День начинался узкой полоской красного зарева

*****
День начинался узкой полоской красного зарева в окне. Окно находилось в противоположном конце длинного, ослепляющего светом и убогостью обыденного быта коридора, поэтому для того, чтобы увидеть утро, необходимо было встать с кровати и пройти этот отрезок с делениями – дверями чужих комнат. Смываешь с лица остатки затягивающих на неполный круг оборота маленькой стрелки часов обрывков снов, недооткрывших дороги и секреты. Маленькими комочками пытались укрыться в уголках глаз. Голову под кран.
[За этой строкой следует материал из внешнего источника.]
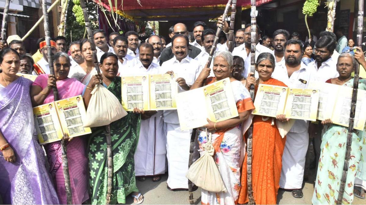 In Salem district, 10.88 ration card holders will receive these gift hampers worth ₹12.14 crore and ₹326.47 crore in cash. On Thursday, 200 cardholders received the gift hampers with cash and from Friday (January 9, 2026), 300 cardholders (150 in the morning and 150 in the afternoon), will receive the gift hamper. The fair price shop workers are distributing tokens to the cardholders at their houses, the Minister added.

Выходя, не повернешься к окну. Ночь, прильнувшая к городу то ли в прощальном поцелуе, то ли в немой мольбе, тщетной попытке спрятаться, остаться. Где она раствориться?
Откроешь дверь навстречу грохоту трамвая за окном. Но уже другим. Прозрачная стена в пяти шагах от неубранной постели, незримый, но неотступный свидетель свидания с ночью теперь – экран, диктующий условия действительности сегодняшнего дня.
Грохот неразгаданный прячется за домами. Серые стражи коридоров улицы они так усердно хранят чуждую, как выцвевшие обои, обитель, так немилосердно выставляют напоказ сокровенную сердцевину светлого бытия.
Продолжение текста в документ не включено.